> **ACTIVITY**
Leave every picture out and write out the records below exactly.

> **DATA FOR REVIEW**
==========
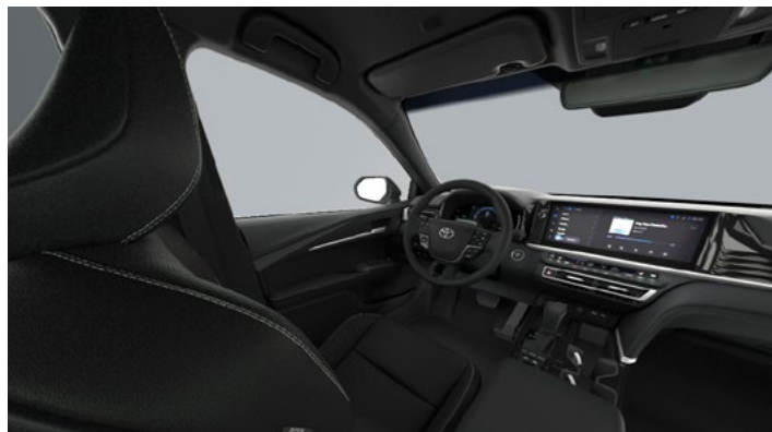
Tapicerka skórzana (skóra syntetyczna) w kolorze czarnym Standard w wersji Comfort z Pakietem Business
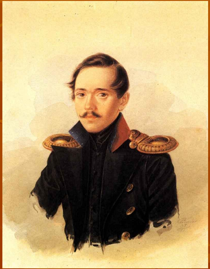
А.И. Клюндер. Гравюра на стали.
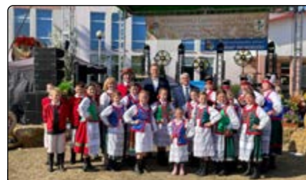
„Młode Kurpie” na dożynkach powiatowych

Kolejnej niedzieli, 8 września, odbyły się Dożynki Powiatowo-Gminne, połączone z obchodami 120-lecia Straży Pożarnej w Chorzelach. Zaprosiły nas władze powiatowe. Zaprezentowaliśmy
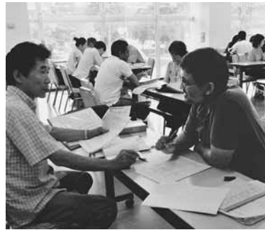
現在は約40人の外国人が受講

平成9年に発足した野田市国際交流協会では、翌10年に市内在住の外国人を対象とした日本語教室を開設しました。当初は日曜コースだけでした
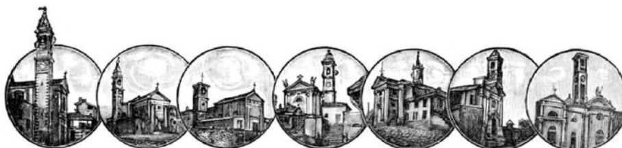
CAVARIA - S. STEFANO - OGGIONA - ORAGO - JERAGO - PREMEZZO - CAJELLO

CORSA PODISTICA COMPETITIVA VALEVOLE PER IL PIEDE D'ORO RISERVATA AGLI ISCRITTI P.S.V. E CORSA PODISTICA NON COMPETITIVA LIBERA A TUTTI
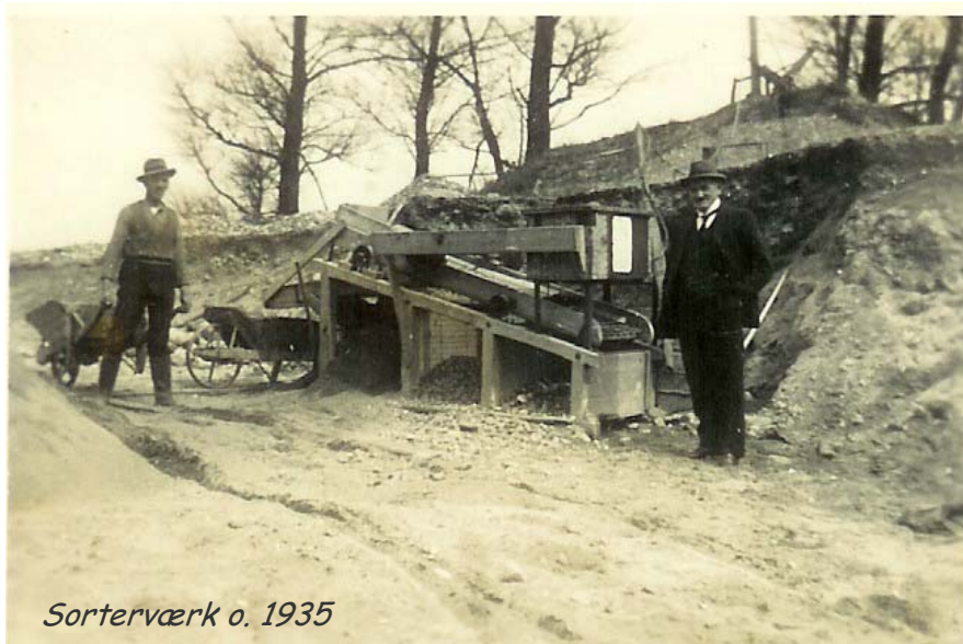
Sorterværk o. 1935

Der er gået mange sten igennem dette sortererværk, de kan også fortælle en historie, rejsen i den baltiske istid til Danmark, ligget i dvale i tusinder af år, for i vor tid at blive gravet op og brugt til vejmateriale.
==========
> **WRITTEN ANSWER**
Tapicerka skórzana (skóra syntetyczna) w kolorze czarnym Standard w wersji Comfort z Pakietem Business
А.И. Клюндер. Гравюра на стали.
„Młode Kurpie” na dożynkach powiatowych

Kolejnej niedzieli, 8 września, odbyły się Dożynki Powiatowo-Gminne, połączone z obchodami 120-lecia Straży Pożarnej w Chorzelach. Zaprosiły nas władze powiatowe. Zaprezentowaliśmy
現在は約40人の外国人が受講

平成9年に発足した野田市国際交流協会では、翌10年に市内在住の外国人を対象とした日本語教室を開設しました。当初は日曜コースだけでした
CAVARIA - S. STEFANO - OGGIONA - ORAGO - JERAGO - PREMEZZO - CAJELLO

CORSA PODISTICA COMPETITIVA VALEVOLE PER IL PIEDE D'ORO RISERVATA AGLI ISCRITTI P.S.V. E CORSA PODISTICA NON COMPETITIVA LIBERA A TUTTI
Sorterværk o. 1935

Der er gået mange sten igennem dette sortererværk, de kan også fortælle en historie, rejsen i den baltiske istid til Danmark, ligget i dvale i tusinder af år, for i vor tid at blive gravet op og brugt til vejmateriale.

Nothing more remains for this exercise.